= DATA EXCERPT =
———
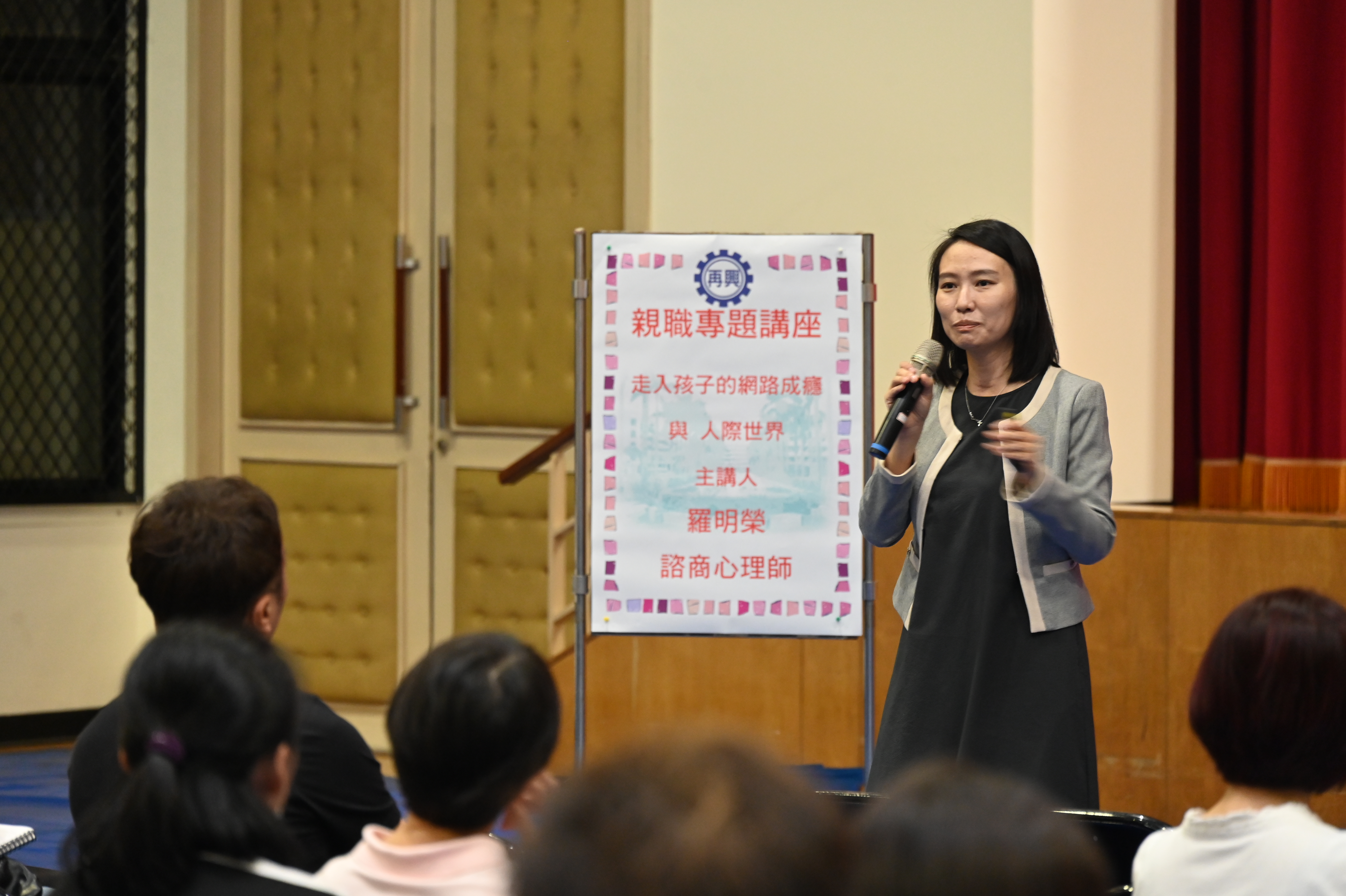 羅心理師首先指出DSM-5目前暫定網路遊戲障礙症之建議的診斷準則為持續和反覆的使用網際網路,經常與其他玩家投入遊戲,導致臨床上重大的損傷或憂慮。接著提醒大家年代不斷在變化,我們要了解現在孩子所處的時代,高科技已經是不可或缺的一部分,與孩子一同前行是非常重要的!
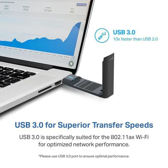 As the perfect solution for gamers and streamers in need of the fastest and most reliable Wi-Fi connection possible, the Archer TXE70UH enhances your Wi-Fi experience in seconds. You can enjoy quicker downloads and uploads of large movie and video game files, smoother streaming of high-definition videos and online gaming, and improved connectivity performance for applications that demand low latency, such as virtual reality and augmented reality using the latest Wi-Fi 6E technology. Featuring the latest USB standard, USB 3.0, download and upload speeds will be up to 10 times faster than traditional USB 2.0.
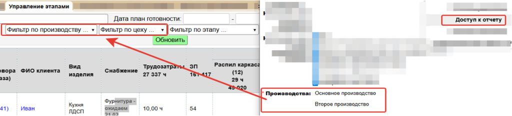 При указании доступа к нескольким производствам, появляется возможность в фильтре выбирать производства и цеха.
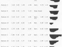 Excavated contexts that belong to the same depositional basin (e.g. a posthole and postmold or the layers in a single pit) were given a single feature number (i.e. F022 contains the following feature contexts: F22/S/1 and F22/S/2). In addition, single contexts were given feature numbers when the original field records indicate that the excavators recognized a context’s spatial distinctiveness from surrounding contexts.
———
Could the data above be repeated exactly, with every picture dropped?

 羅心理師首先指出DSM-5目前暫定網路遊戲障礙症之建議的診斷準則為持續和反覆的使用網際網路,經常與其他玩家投入遊戲,導致臨床上重大的損傷或憂慮。接著提醒大家年代不斷在變化,我們要了解現在孩子所處的時代,高科技已經是不可或缺的一部分,與孩子一同前行是非常重要的!
 As the perfect solution for gamers and streamers in need of the fastest and most reliable Wi-Fi connection possible, the Archer TXE70UH enhances your Wi-Fi experience in seconds. You can enjoy quicker downloads and uploads of large movie and video game files, smoother streaming of high-definition videos and online gaming, and improved connectivity performance for applications that demand low latency, such as virtual reality and augmented reality using the latest Wi-Fi 6E technology. Featuring the latest USB standard, USB 3.0, download and upload speeds will be up to 10 times faster than traditional USB 2.0.
 При указании доступа к нескольким производствам, появляется возможность в фильтре выбирать производства и цеха.
 Excavated contexts that belong to the same depositional basin (e.g. a posthole and postmold or the layers in a single pit) were given a single feature number (i.e. F022 contains the following feature contexts: F22/S/1 and F22/S/2). In addition, single contexts were given feature numbers when the original field records indicate that the excavators recognized a context’s spatial distinctiveness from surrounding contexts.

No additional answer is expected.